The LC50 of the aqueous extract in mice was 1.2ml/100g body weight while the Maximum Tolerated Dose (MTD) was found to be 1.0ml/g. The repellent activity of volatile oil at different concentrations was measured by protection period against the bites of Anopheles gambiae, Aedes aegypti and Culex quinquefasciatus. The volatile oil extract showed higher repellent effect on A. gambiae at higher concentrations. However, its repellent and protective effects at various concentrations on all other species of mosquito tested cannot be underestimated.
Other Health Benefits of the Sunflower
• Analgesic/Anti-Inflammatory: A study of methanol extract of dried leaves of TD (Tithonia diversifolia) produced dose-related inhibition of carrageenan-induced paw edema and cotton pellet-induced granuloma in rats. The analgesic effect was observed with hot plate latency assays. Results confirm the traditional use of TD for the treatment of painful inflammatory conditions.
• Sesquiterpene Lactones/Anti-Inflammatory/Antibacterial: The main sesquiterpene lactones of species growing in Costa Rica – diversifolin, diversifolin methyl ester and tirotundin – were studied for their anti-inflammatory activity. Results showed inhibitory activity of the 3 compounds, attributed to aklation of cysteine residues. Diversifolin was also found to have antibacterial activity, moderately active against B subtilis.

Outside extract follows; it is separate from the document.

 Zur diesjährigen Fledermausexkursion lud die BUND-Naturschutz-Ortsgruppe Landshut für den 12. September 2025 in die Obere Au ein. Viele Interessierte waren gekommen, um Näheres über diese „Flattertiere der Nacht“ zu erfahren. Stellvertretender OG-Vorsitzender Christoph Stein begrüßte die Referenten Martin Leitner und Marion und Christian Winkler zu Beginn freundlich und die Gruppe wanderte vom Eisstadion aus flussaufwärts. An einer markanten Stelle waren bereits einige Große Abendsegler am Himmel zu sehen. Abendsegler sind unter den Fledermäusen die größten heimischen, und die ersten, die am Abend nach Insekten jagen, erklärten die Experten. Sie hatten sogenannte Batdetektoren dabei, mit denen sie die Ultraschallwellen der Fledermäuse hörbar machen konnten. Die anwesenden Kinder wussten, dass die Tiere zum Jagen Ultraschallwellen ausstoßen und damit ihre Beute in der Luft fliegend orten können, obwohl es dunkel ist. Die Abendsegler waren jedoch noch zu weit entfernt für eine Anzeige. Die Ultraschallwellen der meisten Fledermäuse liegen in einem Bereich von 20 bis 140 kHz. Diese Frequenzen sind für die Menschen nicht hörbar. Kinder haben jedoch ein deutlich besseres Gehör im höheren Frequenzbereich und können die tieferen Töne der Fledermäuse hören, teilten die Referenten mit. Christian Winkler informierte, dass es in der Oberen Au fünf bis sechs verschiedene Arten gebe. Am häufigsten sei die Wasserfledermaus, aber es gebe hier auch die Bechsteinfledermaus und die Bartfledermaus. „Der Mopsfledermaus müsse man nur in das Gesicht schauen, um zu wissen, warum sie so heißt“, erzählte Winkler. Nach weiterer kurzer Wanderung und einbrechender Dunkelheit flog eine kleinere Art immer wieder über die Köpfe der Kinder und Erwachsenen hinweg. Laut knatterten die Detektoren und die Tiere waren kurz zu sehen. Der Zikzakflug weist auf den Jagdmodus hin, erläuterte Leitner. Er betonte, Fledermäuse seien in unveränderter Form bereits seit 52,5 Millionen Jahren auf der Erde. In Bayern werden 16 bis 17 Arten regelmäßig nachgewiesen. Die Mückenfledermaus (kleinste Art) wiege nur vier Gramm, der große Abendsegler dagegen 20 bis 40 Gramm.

• Antimicrobial: Chemical analysis of the leaf of Tithonia yielded sesquiterpene lactones, e.g. Tagitinin, which possess insecticidal properties. Study showed it possessed antimicrobial activity, active against both gram-positive and gram-negative bacteria, with activity against S aureus, E coli and P aeruginosa, suggesting they can be used in treating gastrointestinal infections, skin diseases and urinary tract infections in man.
• Anti-Diabetic: Study on an 80 per cent ethanol extract of TD showed reduction of blood glucose in KK-ay mice 3 weeks after a single oral dose, also significantly lowering plasma insulin, decreasing blood glucose in an insulin tolerance test. Results suggest it may be useful for the treatment of type2 diabetes.

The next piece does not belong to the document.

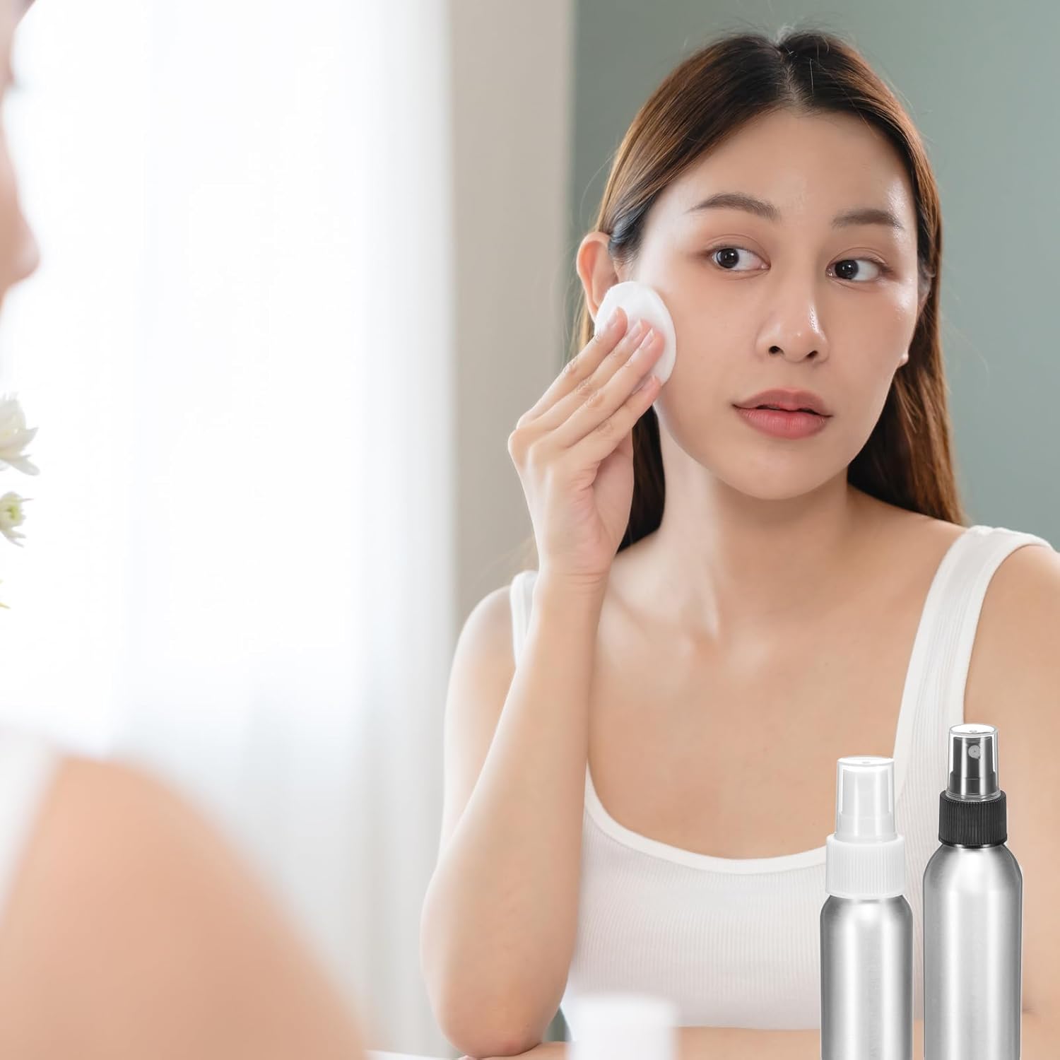 HARFINGTON Aluminum Fine Mist Spray Bottles 150ml/5oz Metal Small Liquid Alcohol Refillable Travel Container with White Plastic Nozzle Cap for Perfume Skincare Cosmetic Storage Bottle

• Potential Cancer Chemopreventive: Study isolated three new sesquiterpenoids – 2a-hydroxytirotundin, tithofolinolide, and 3a-acetoxy-8b-isobutyryloxyreynosin along with 8 known sesquiterpene lactones. Among the isolates, 2 compounds showed significant antiproliferative activity, 3 compounds induced HL-60 cellular differentiation, one significantly inhibited lesion formation in the mouse mammary organ culture assay.
• Antimicrobial/Germacranolide-type Sesquiterpene Lactone: Results indicate the non-polar leaf extract of T diversifolia could be useful in the treatment of some disease conditions and the sesquiterpene lactone is a potential candidate as a phytotherapeutic agent against some bacterial infections.
• Anti-Inflammatory/Hepatoprotective: Results indicate that treatment with a water extract of the aerial part of T diversifolia decreased paw edema induced by carrageenan, with reduction of the elevated liver enzymes, and improvement in the pathologic hepatic changes caused by carbon tetrachloride.
Tithonia diversifolia is 2–3 m (6.6–9.8 ft) in height with upright and sometimes ligneous stalks in the form of woody shrubs. The large, showy flowers are yellow to orange coloured and 5 – 15 cm wide and 10 – 30 cm long. Leaves are sub-ovate, serrate, acute, 10 to 40 cm long, simply or mostly 3 – 7 lobed, somewhat glandular and slightly grayish beneath. The seeds are achenes, 4-angled, and 5mm long. The seeds are spread by wind.